After finding the line that holds "2017年,北京澳環(huá" below, set down that line and the rest through the final one exactly, leaving the pictures out.

Data entries:

-----

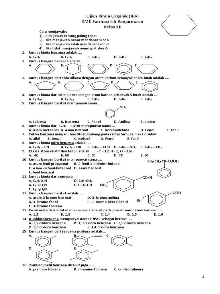 Ujian Berkala Kimia Organik Kls Xii Benzena
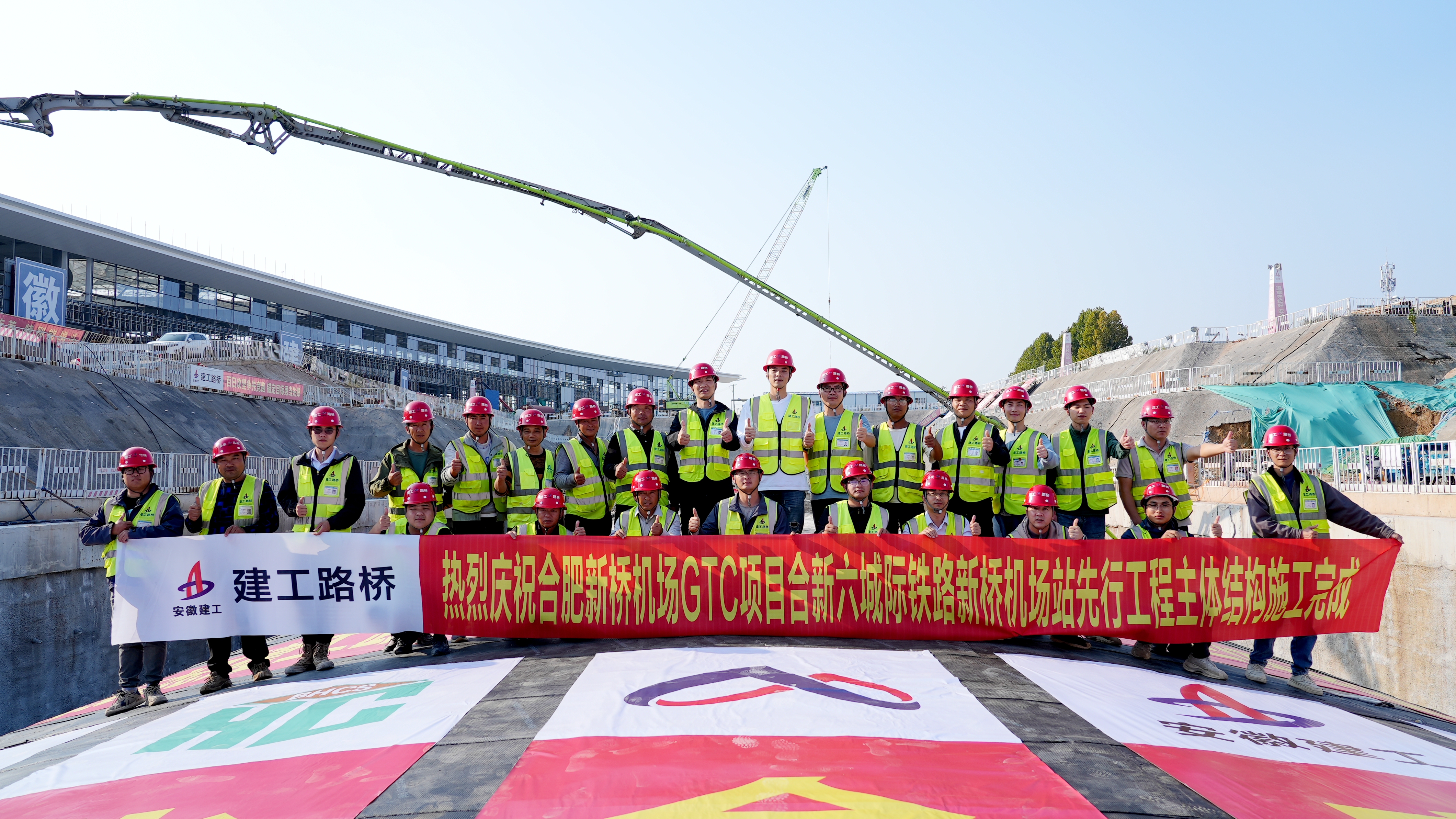合肥新橋機(jī)場(chǎng)綜合交通中心項(xiàng)目合新六城際鐵路新橋機(jī)場(chǎng)站先行工程順利封頂
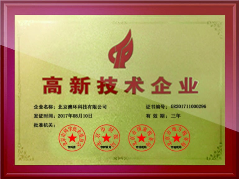 2017年,北京澳環(huán)科技有限公司喜獲佳音——根據(jù)國(guó)家《高新技術(shù)企業(yè)認(rèn)定管理》和《高新技術(shù)企業(yè)認(rèn)定管理工作指引》的相關(guān)規(guī)定,憑借專業(yè)的研發(fā)隊(duì)伍、雄厚的技術(shù)實(shí)力、持續(xù)的更新能力、科學(xué)的企業(yè)管理,在經(jīng)歷了層層審查核實(shí)之后,北京澳環(huán)科技有限公司被順利認(rèn)定為國(guó)家高新技術(shù)企業(yè),由此正式邁入國(guó)家高新技術(shù)企業(yè)行列。這是對(duì)近年來澳環(huán)科技不斷努力的成果肯定,也將對(duì)北京澳環(huán)科技之后的發(fā)展起著積極的鼓舞作用。
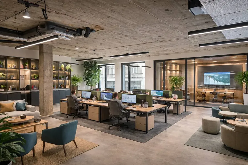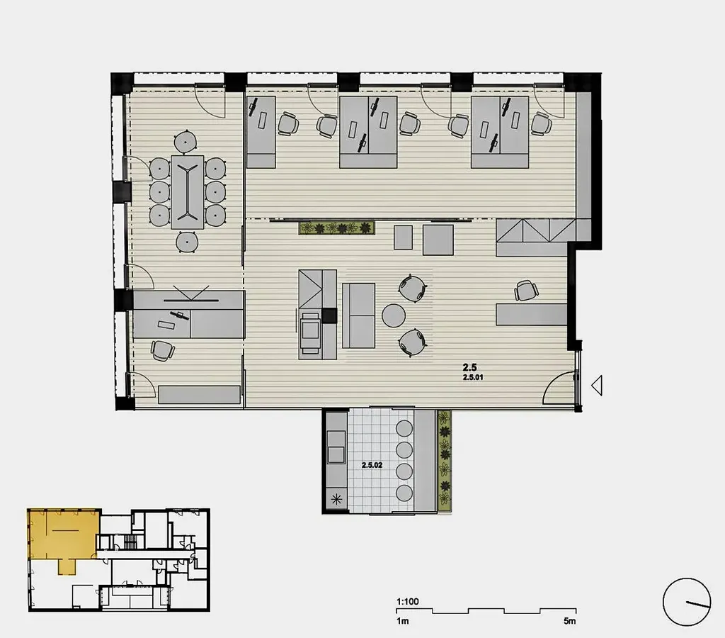 Celková plocha prostoru činí 123,15 m² s terasou, která poskytuje příjemné zázemí pro jednání s klienty i odpočinek zaměstnanců.
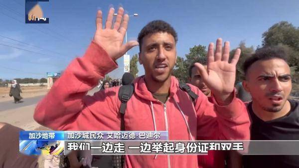 加沙城民众 艾哈迈德·巴迪尔:我们从以军士兵之间通过,我们一边走,一边举起身份证和双手,沿着右边走。以军用步枪指着我们,如果你向右或向左转,他们就会瞄准你。
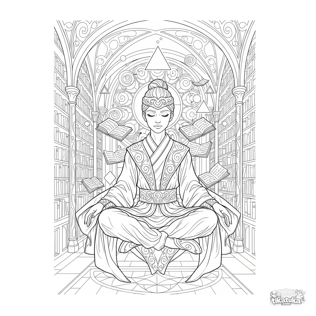 Página complexa para colorir para 10-12 anos: um herói psíquico medita flutuando em uma biblioteca antiga, cercado por livros e formas geométricas orbitantes. Cena serena e detalhada.
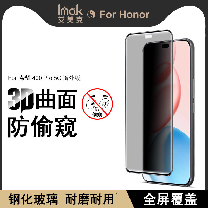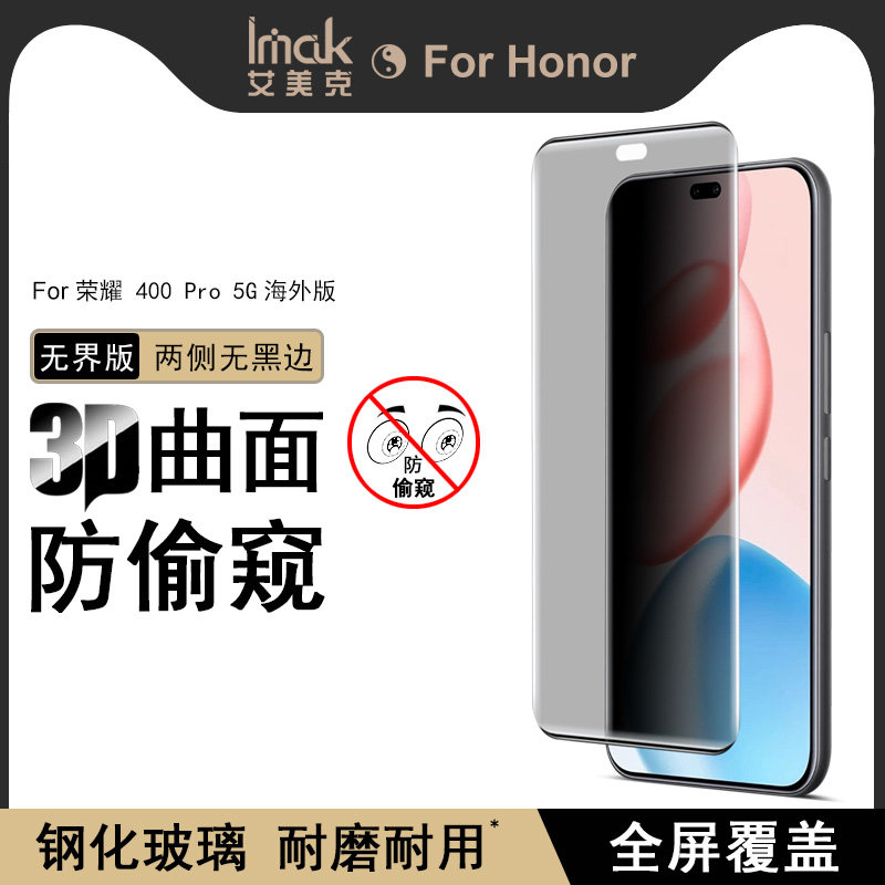 IMAK荣耀400 Pro 5G海外版 3D曲面玻璃膜全屏版Honor 400 3D国外版防偷窥钢化膜dnp-nx9无界版手机保护膜
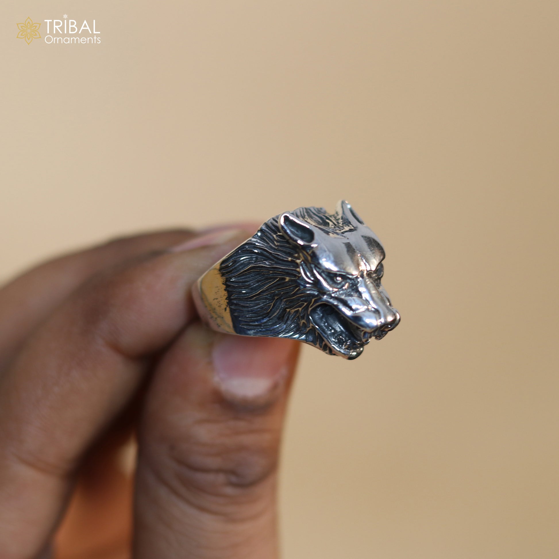 925 sterling silver wolf face design ring men's Jewelry sr768

-----

EXERCISE RESPONSE:
 2017年,北京澳環(huán)科技有限公司喜獲佳音——根據(jù)國(guó)家《高新技術(shù)企業(yè)認(rèn)定管理》和《高新技術(shù)企業(yè)認(rèn)定管理工作指引》的相關(guān)規(guī)定,憑借專業(yè)的研發(fā)隊(duì)伍、雄厚的技術(shù)實(shí)力、持續(xù)的更新能力、科學(xué)的企業(yè)管理,在經(jīng)歷了層層審查核實(shí)之后,北京澳環(huán)科技有限公司被順利認(rèn)定為國(guó)家高新技術(shù)企業(yè),由此正式邁入國(guó)家高新技術(shù)企業(yè)行列。這是對(duì)近年來澳環(huán)科技不斷努力的成果肯定,也將對(duì)北京澳環(huán)科技之后的發(fā)展起著積極的鼓舞作用。
 Celková plocha prostoru činí 123,15 m² s terasou, která poskytuje příjemné zázemí pro jednání s klienty i odpočinek zaměstnanců.
 加沙城民众 艾哈迈德·巴迪尔:我们从以军士兵之间通过,我们一边走,一边举起身份证和双手,沿着右边走。以军用步枪指着我们,如果你向右或向左转,他们就会瞄准你。
 Página complexa para colorir para 10-12 anos: um herói psíquico medita flutuando em uma biblioteca antiga, cercado por livros e formas geométricas orbitantes. Cena serena e detalhada.
 IMAK荣耀400 Pro 5G海外版 3D曲面玻璃膜全屏版Honor 400 3D国外版防偷窥钢化膜dnp-nx9无界版手机保护膜
 925 sterling silver wolf face design ring men's Jewelry sr768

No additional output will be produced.